Bertulus, toutefois, ne laissait pas d’être assez embarrassé ; il avait, sur l’indication de Picquart[2], fait procéder à des comparaisons entre l’écriture de Du Paty et celle de la dépêche Blanche ; l’expertise avait été favorable à Du Paty[3]. Le soupçon de Picquart se porta alors sur Mme Du Paty que Christian avait mise en cause ; l’expertise fut de nouveau négative. Pour Du Paty, il n’avait pas cessé de protester qu’il n’était pour rien dans l’affaire des télégrammes[4].

On se trouvait donc, de ce côté, dans une impasse, et pour une raison très simple : c’est que les faux télégrammes, imputés à Du Paty, étaient l’œuvre d’Esterhazy et d’Henry. D’autre part, comme les révélations de Christian, témoin personnel en ce qui concernait son cousin, ne laissaient place à aucun doute, le juge s’enhardit à faire ce qu’il avait retardé jusque-là : à citer Esterhazy lui-même. Picquart l’avait accusé à nouveau d’être l’auteur des articles de la Libre Parole, sous la signature « Dixi », et en avait fourni une très ingénieuse démonstration[5]. Un rapport de police donnait un renseignement identique[6]. C’était sur Esterhazy qu’il fallait marcher.

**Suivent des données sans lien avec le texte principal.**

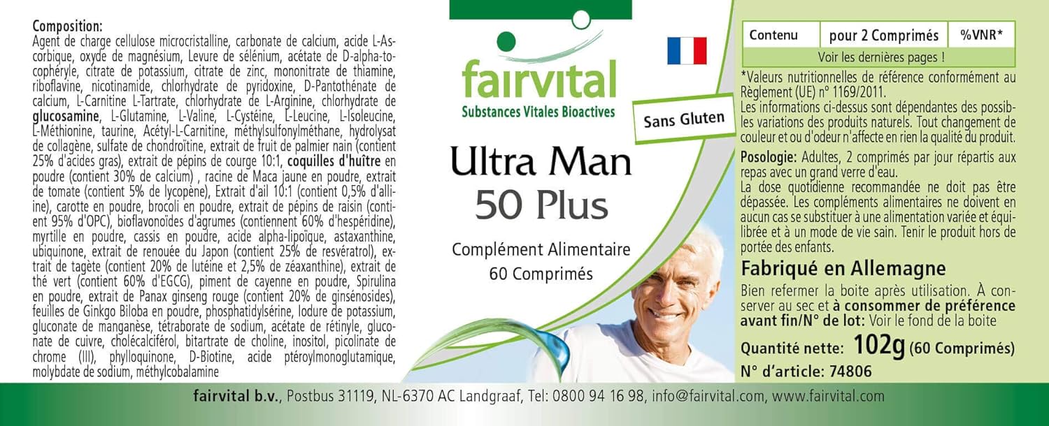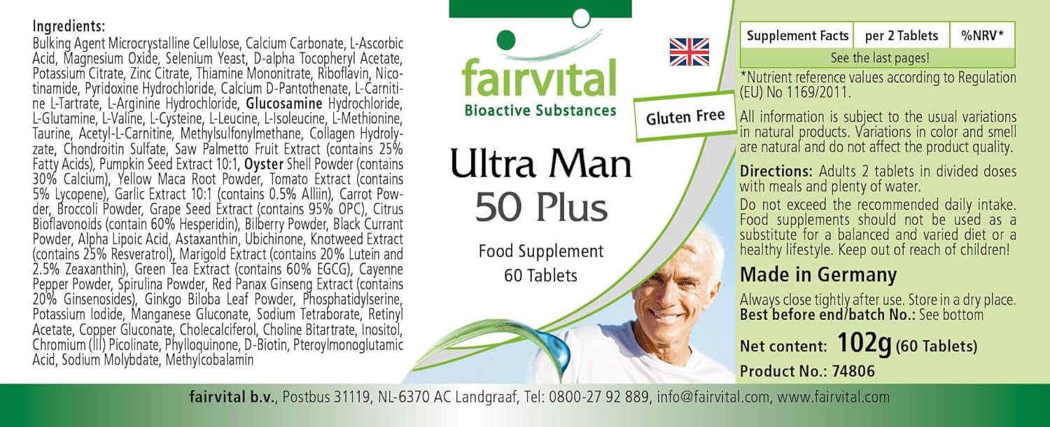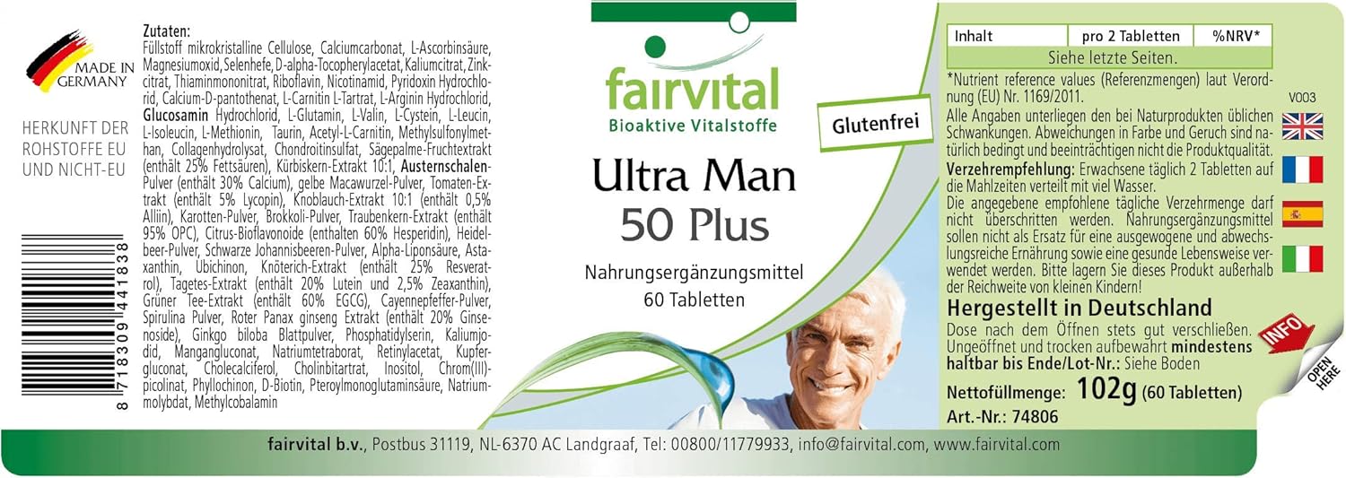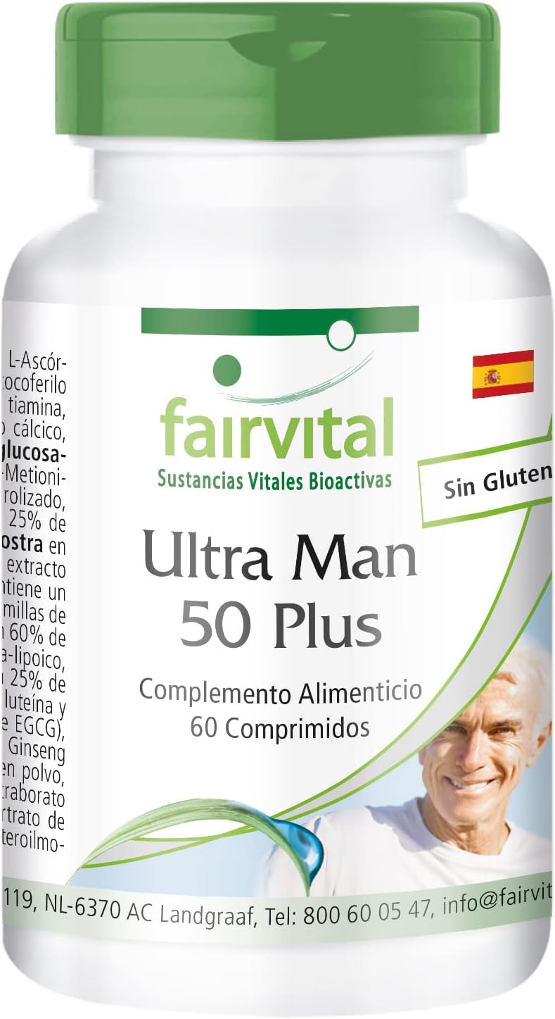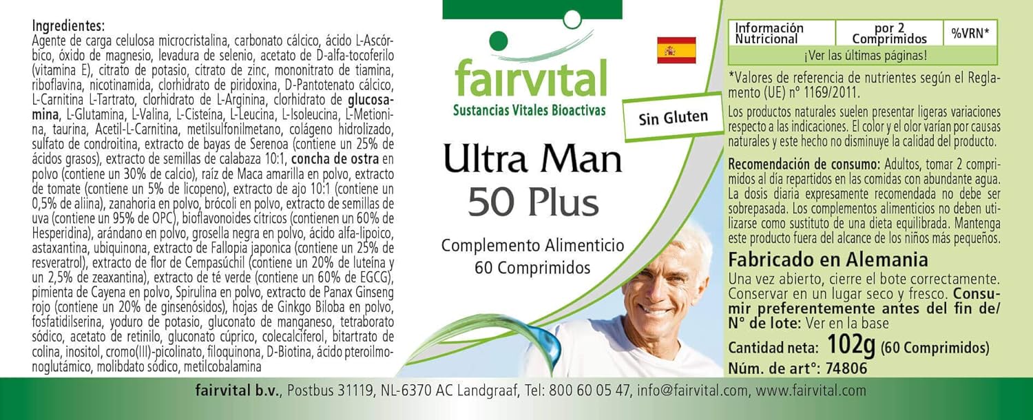 Vitaminas Para Hombres de Fairvital Más de 50 sustancias vitales en cada comprimidoLo justo para la salud masculinaTambién apto para mujeres.para más energíaFavorece la producción de espermapara un nivel normal de testosteronafavorece la protección celularsin glutensin estearato de magnesio ni dióxido de silicio

Esterhazy, à ce moment, ne savait encore rien de la visite de Christian à Labori ; il pensait l’avoir intimidé, s’être débarrassé de lui, et il avait repris son train de

  1. Cass., II, 238, Christian Esterhazy.
  2. Ibid., II, 217, 230, Picquart ; 268, Bertulus.
  3. Enq. Bertulus, expertise Couderc, 28 février et 1er mars 1898. — Cass., II, 34, 38 ; Rennes, III, 504, Du Paty : Cass., II, 268, Bertulus.
  4. Cass., II, Du Paty, (Enq. Bertulus, 29 mars 1898).
  5. Ibid., II, 221, Picquart (5 mai 1898).
  6. Rapport du commissaire Bernard (4 mai 1898).